Menurut Queen, “Nasib bangsa Indonesia itu bergantung sama paku. Setiap orang pasti butuh paku, apapun apapun pekerjaan dia. Buat bangun rumahnya dan menempel foto di dinding, sepatu hak tinggi, sampai bolongin ban mobil orang, termasuk juga untuk urusan politik. Dari tahun 1955, paku itu kita pakai Cuma buat memilih partai yang nentuin presiden 5 tahun ke depan. Tapi kadang paku di paksa buat memilih parta yang sama dan akhirnya kita punya presiden 1 aja selama 32 tahun. Sampai 2004, tahun yang special buat Indonesia.

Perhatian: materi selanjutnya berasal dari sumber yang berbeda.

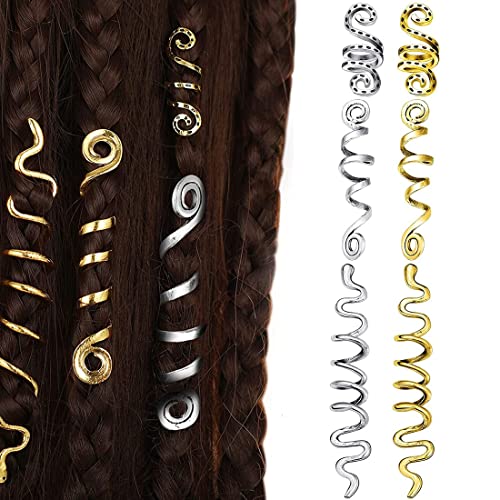 6 Pezzi Perline per Capelli Dreadlocks, Bobina dei Capelli Anelli a Treccia per Capelli, Clip per treccia a foglia di serpente lunare Dreadlocks per Accessori Capelli Decorazione (oro e argento)

Akhirnya kita boleh nusuk muka calon presiden yang kita suka, langsung. Tapi ga semua orang bisa milih dengan paku juara itu. Ada tiga syarat tertentu selain warga Indonesia, dia harus di atas 17 tahun, juga bukan polisi atau TNI dan tidak terlibat sama partai terlarang. Intinya semua orang yang memenuhi syarat, berhak ikut pemilu. Semua orang termasuk gw.”

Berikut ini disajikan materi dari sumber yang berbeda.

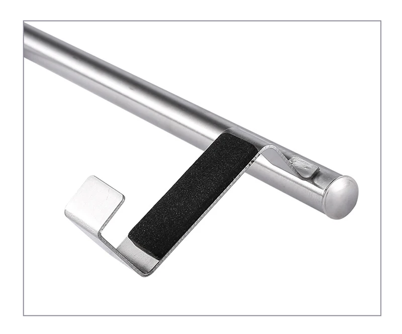 1. Эта вешалка для полотенец спроектирована в качестве вешалки на двери, легко и удобно установить.2. Держатель для полотенец изготовлен из нержавеющей стали, которая устойчива к ржавчине и коррозии.3. Стойка подходит для кухни, ванной комнаты, отеля и так далее, имеет большой спектр применения.4. Он подходит для дверцы шкафа, толщина которых составляет менее 1,9 см и дверной зазор, общий вес которых не превышает 2 мм.

Di tengah film tersebut, Queen mempunyai masalah yang sama dengan remaja yang lain, yaitu menuntut kebebasan dari orang tua, menuntut kasih sayang, dan mempunyai masalah disekolah. Kebebasan tersebut diperlukan agar ayahnya percaya terhadap apa yang dilakukannya. Dan Queen ingin ayahnya yakin bahwa dia mampu untuk mengerjakan sesuatu dan mendapkan hasil yang baik. Queen juga ingin mempunyai seseorang yang peduli teradapnya. Sedangkan masalah Queen di sekolah yaitu kakak kelas menginginkan Queen menyumbang dana untuk pensi (pentas seni). Tapi semua itu bisa teratasi, Queen mendapat kebebasan dari orang tuanya tapi dengan syarat dia harus ikut kegiatan politik, mendapat kasih sayang dari ayah,ma cik (wanita yang mengasuh Queen dari kecil), dan dari pria yang di cintainya dan dapat mengaatasi masalahnya dengan kakak kelas di sekolahnya.

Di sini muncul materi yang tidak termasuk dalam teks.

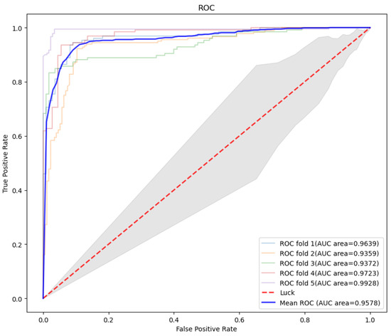 By connecting left-to-right and right-to-left texts, a pre-processed deep two-way expression model was designed. After parameter optimization, the key parameters of the model were set as attention_probs_dropout_prob: 0.0, hidden_act: gelu, hidden_dropout_prob: 0.0, hidden_size: 1024, initializer_range: 0.02, intermediate_size: 4096, max_position_embeddings: 40,000, num_attention_heads: 16, num_hidden_layers: 30, type_vocab_size: 2, and vocab_size: 30. It can be found that the accuracy of the deep model reached 0.9310 (±0.0145), the recall was 0.9419 (±0.0163), the precision was 0.9262 (±0.0203), and the F1 score was 0.9344 (±0.0141), which showed great generalization ability. Furthermore, the ROC curve of BERT and the corresponding AUC value are shown in Figure 5. Its AUC reached 0.9578, showing the outstanding performance of our proposed method.

Sedangkan di akhir cerita, setelah ayah Queen (Rahmat Siregar) terpilih menjadi presiden dan berpidato yang berisi: “Hari Minggu 28 Oktober 1928 di sebuah gedung bioskop, sebuah sumpah di tancapkan dengan bangga. Subuh yang menggelisahkan tanggal 16 Agustus 1945, kita menyongsong kemerdekaan untuk mengantarkan kita menjadi bangsa yang merdeka. 1966 di jalan Nusantara, kita semua dilakukan untuk melakukan perubahan yang sangat-sangat besar, di atas atap gedung parlemen. Sepanjang 1998, reformasi lalu dirumukan dan inilah titik-titik penting perkembangan bangsa Indonesia. Lalu apa persamaannya?, hanya dua kata, anak muda. Perubahan ini selalu dari inisiatif anak muda, generasi baru, karena mereka selalu ingin melakukan perubahan-perubahan yang lebih besar untuk Indonesia yang lebih maju. Sukarno pernah berkata,”beri saya 10 anak muda, maka aku akan menaklukan dunia.” Tapi saya akan mengatakan, beri kepercayaan baru kepada anak muda kreatif, maka Indonesia akan menaklukan Indonesia.”
Menurut saya, film ini benar-benar film yang sangat bagus, karena para anggota politik dan pemerintah melibatkan anak muda untuk membangun Indonesia. Mulai dari pendidikan, kesehatan, kreativitas, dll, semua melibatkan anak muda. Dan saya berharap Indonesia akan benar-benar seperti ini, yang mau merangkul anak muda dan melibatkan anak muda dalam berbagai aspek kehidupan di Indonesia, sehingga anak muda mempunyai nilai positif dan mengurangi pandangan stereotype yang negatif. Semakin banyak lapangan pekerjaan untuk anak muda, semakin pula mengurangi masalah sosial yang di timbulkan oleh anak muda. Mereka di sibukkan oleh pekerjaan-pekerjaan dan mungkin akan menambah kreatifitas dalam seni maupun kreatif dalam pemecahan masalah.

REFERENSI:
Film Queen bee di hadirkan oleh million picture pada tahun 2009.